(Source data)

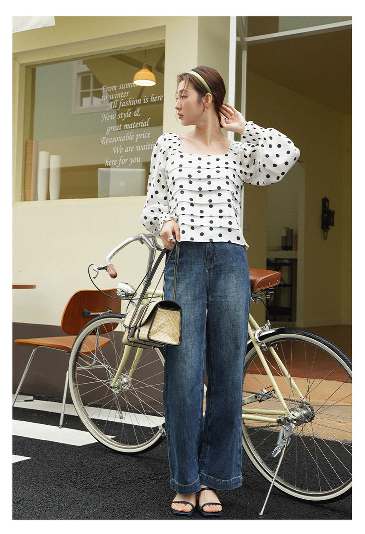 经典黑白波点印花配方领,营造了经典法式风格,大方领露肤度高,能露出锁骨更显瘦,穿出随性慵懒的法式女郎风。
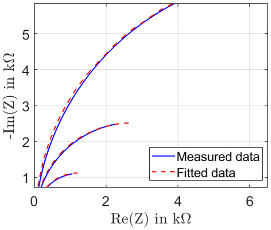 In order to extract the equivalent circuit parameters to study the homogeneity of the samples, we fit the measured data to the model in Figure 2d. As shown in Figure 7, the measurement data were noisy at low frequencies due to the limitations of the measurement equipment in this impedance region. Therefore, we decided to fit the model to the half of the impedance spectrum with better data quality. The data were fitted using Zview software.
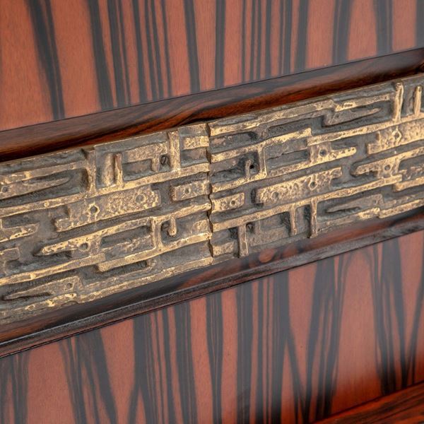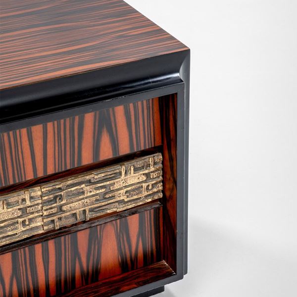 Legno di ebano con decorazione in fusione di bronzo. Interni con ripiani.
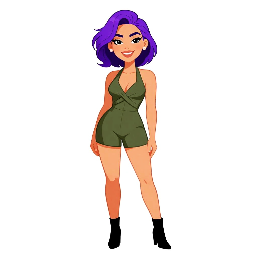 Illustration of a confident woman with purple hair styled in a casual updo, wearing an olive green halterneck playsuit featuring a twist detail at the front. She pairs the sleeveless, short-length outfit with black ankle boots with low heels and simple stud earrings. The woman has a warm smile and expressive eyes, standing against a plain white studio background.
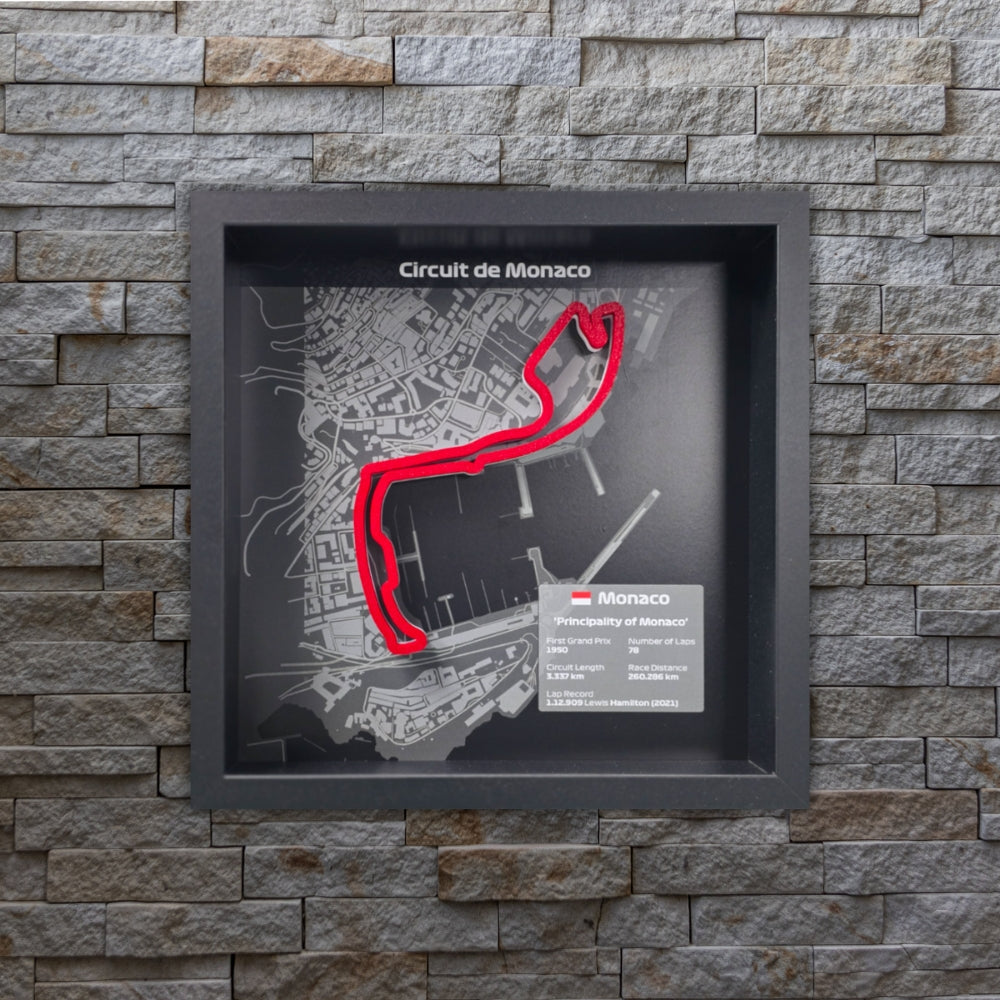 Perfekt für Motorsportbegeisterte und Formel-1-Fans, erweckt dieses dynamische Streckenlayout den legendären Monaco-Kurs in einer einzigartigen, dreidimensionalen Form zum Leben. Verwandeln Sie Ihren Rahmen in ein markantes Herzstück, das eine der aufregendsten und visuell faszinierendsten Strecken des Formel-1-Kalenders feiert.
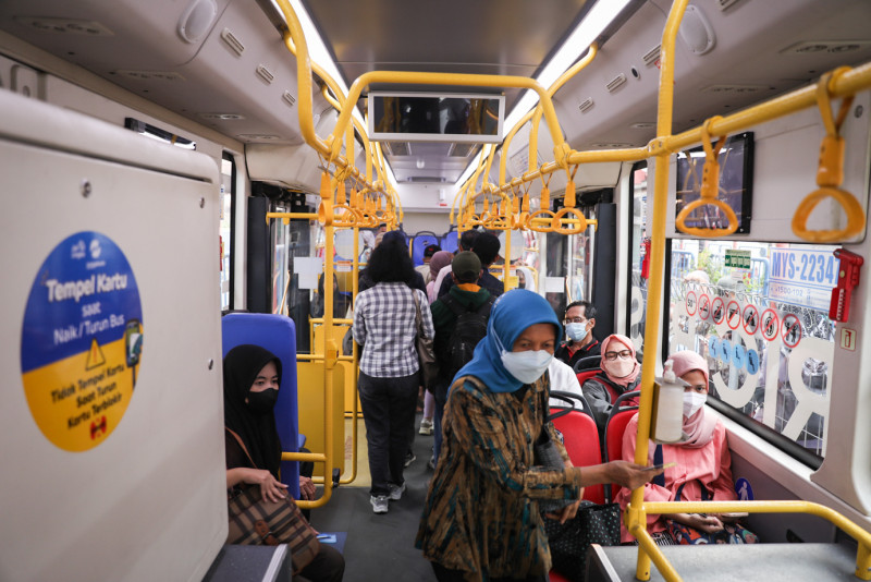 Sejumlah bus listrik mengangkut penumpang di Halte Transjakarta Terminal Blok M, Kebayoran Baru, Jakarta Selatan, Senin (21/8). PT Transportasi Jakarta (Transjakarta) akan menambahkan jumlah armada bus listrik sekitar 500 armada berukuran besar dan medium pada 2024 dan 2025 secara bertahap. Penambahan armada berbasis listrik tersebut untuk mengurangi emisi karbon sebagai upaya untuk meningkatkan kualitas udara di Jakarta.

What you are asked to do: Your answer must be an exact repeat of all the records, minus the pictures.

Task response:
 经典黑白波点印花配方领,营造了经典法式风格,大方领露肤度高,能露出锁骨更显瘦,穿出随性慵懒的法式女郎风。
 In order to extract the equivalent circuit parameters to study the homogeneity of the samples, we fit the measured data to the model in Figure 2d. As shown in Figure 7, the measurement data were noisy at low frequencies due to the limitations of the measurement equipment in this impedance region. Therefore, we decided to fit the model to the half of the impedance spectrum with better data quality. The data were fitted using Zview software.
 Legno di ebano con decorazione in fusione di bronzo. Interni con ripiani.
 Illustration of a confident woman with purple hair styled in a casual updo, wearing an olive green halterneck playsuit featuring a twist detail at the front. She pairs the sleeveless, short-length outfit with black ankle boots with low heels and simple stud earrings. The woman has a warm smile and expressive eyes, standing against a plain white studio background.
 Perfekt für Motorsportbegeisterte und Formel-1-Fans, erweckt dieses dynamische Streckenlayout den legendären Monaco-Kurs in einer einzigartigen, dreidimensionalen Form zum Leben. Verwandeln Sie Ihren Rahmen in ein markantes Herzstück, das eine der aufregendsten und visuell faszinierendsten Strecken des Formel-1-Kalenders feiert.
 Sejumlah bus listrik mengangkut penumpang di Halte Transjakarta Terminal Blok M, Kebayoran Baru, Jakarta Selatan, Senin (21/8). PT Transportasi Jakarta (Transjakarta) akan menambahkan jumlah armada bus listrik sekitar 500 armada berukuran besar dan medium pada 2024 dan 2025 secara bertahap. Penambahan armada berbasis listrik tersebut untuk mengurangi emisi karbon sebagai upaya untuk meningkatkan kualitas udara di Jakarta.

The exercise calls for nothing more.